YOUR TASK - In your copy, leave out the pictures and reproduce the listing below exactly.

PROVIDED MATERIAL -
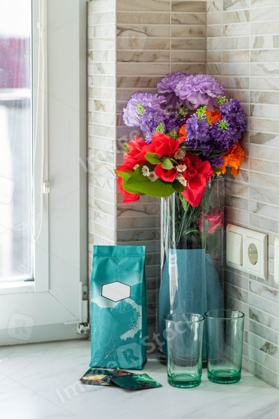 Couple of green glasses. Glass vase with purple, pink and orange flowers.
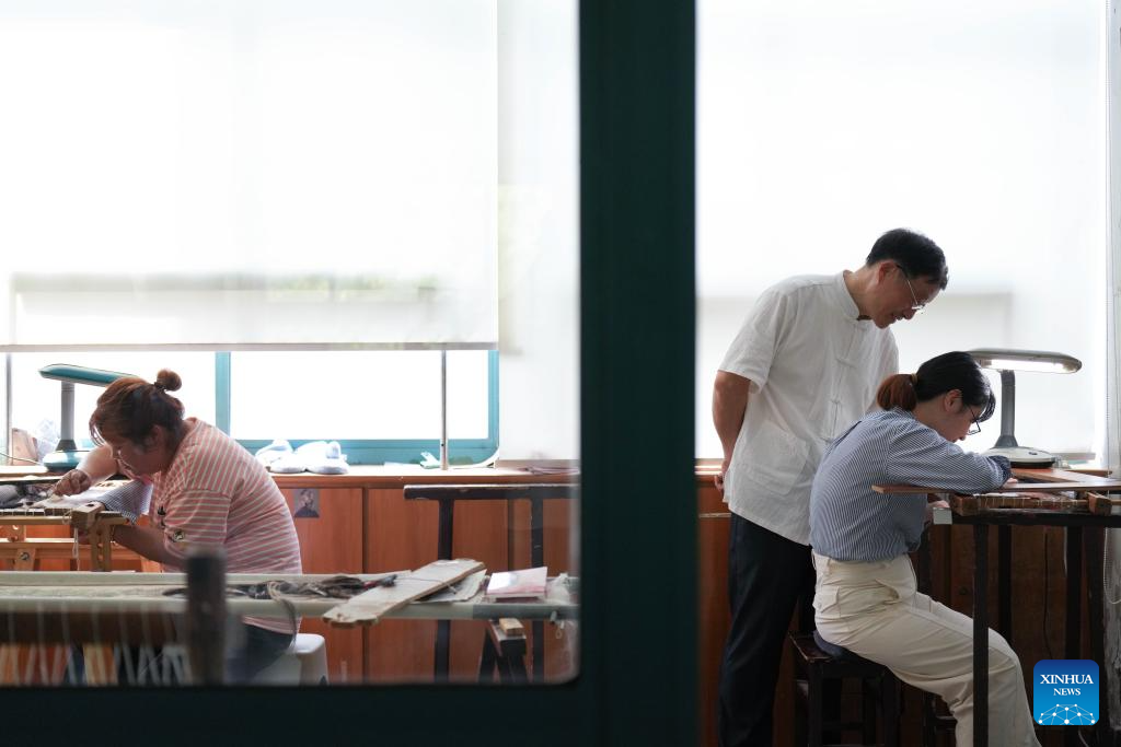 Chen Boyu guides an apprentice at the Jiali hair embroidery factory in Dongtai City, Yancheng of east China's Jiangsu Province, June 6, 2025. (Xinhua/Xue Yuge)
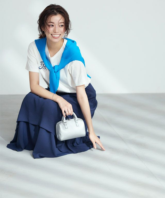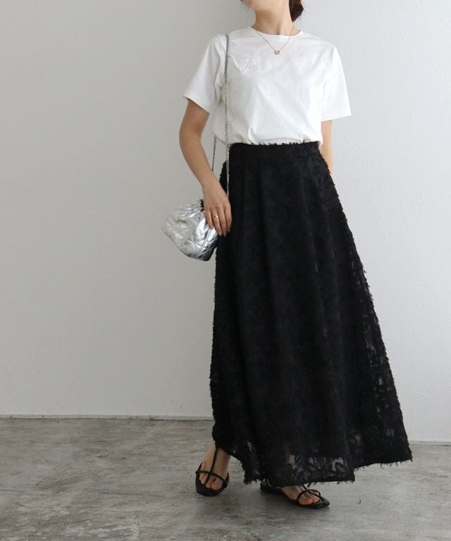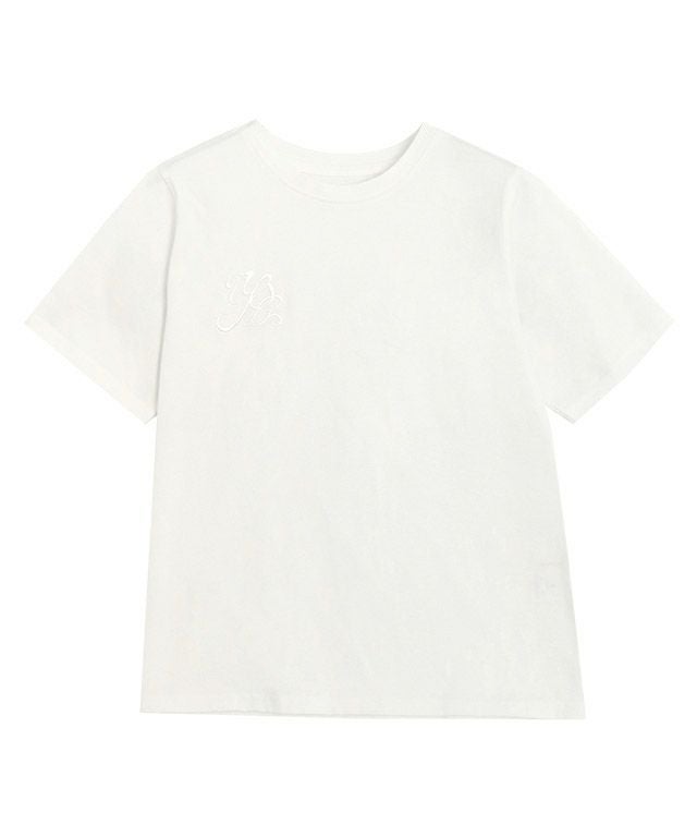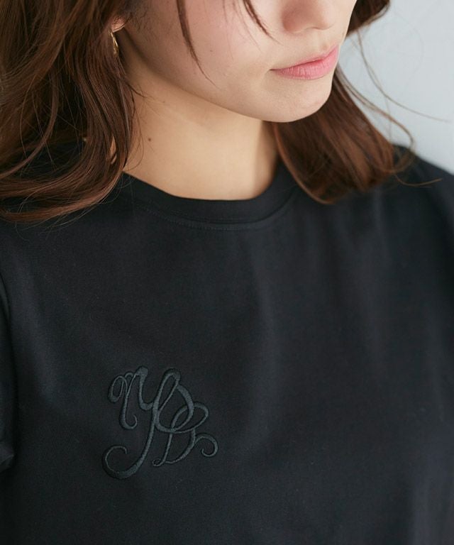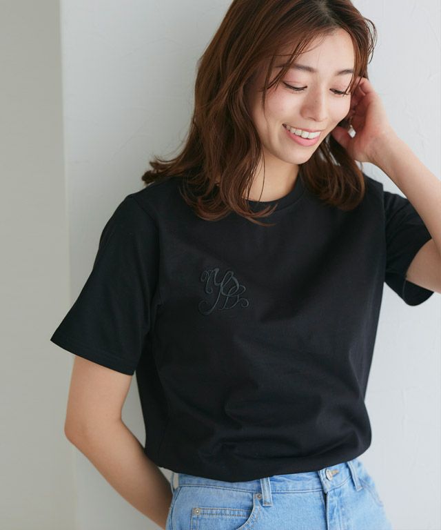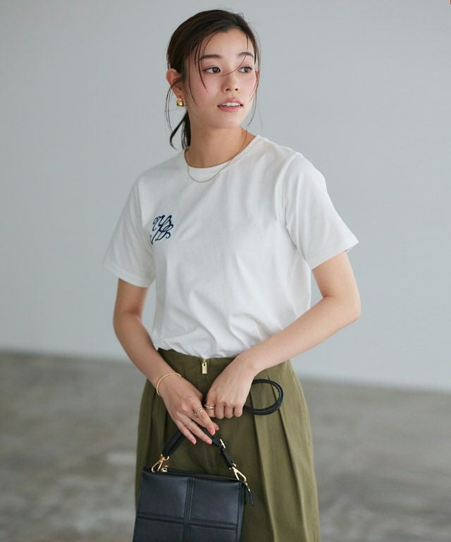 オリジナルの刺繍を施した立体的なデザインTシャツは、スタイリングにさりげなくアクセントをプラスしてくれる一枚。デザインはブランド名の各頭文字を採用しており、女性らしい印象で丸みのある字体で展開しました。程良くゆとりのあるシルエットが、体型カバーを叶えてくれるのも嬉しいポイント。

FINAL ANSWER -
 Couple of green glasses. Glass vase with purple, pink and orange flowers.
 Chen Boyu guides an apprentice at the Jiali hair embroidery factory in Dongtai City, Yancheng of east China's Jiangsu Province, June 6, 2025. (Xinhua/Xue Yuge)
 オリジナルの刺繍を施した立体的なデザインTシャツは、スタイリングにさりげなくアクセントをプラスしてくれる一枚。デザインはブランド名の各頭文字を採用しており、女性らしい印象で丸みのある字体で展開しました。程良くゆとりのあるシルエットが、体型カバーを叶えてくれるのも嬉しいポイント。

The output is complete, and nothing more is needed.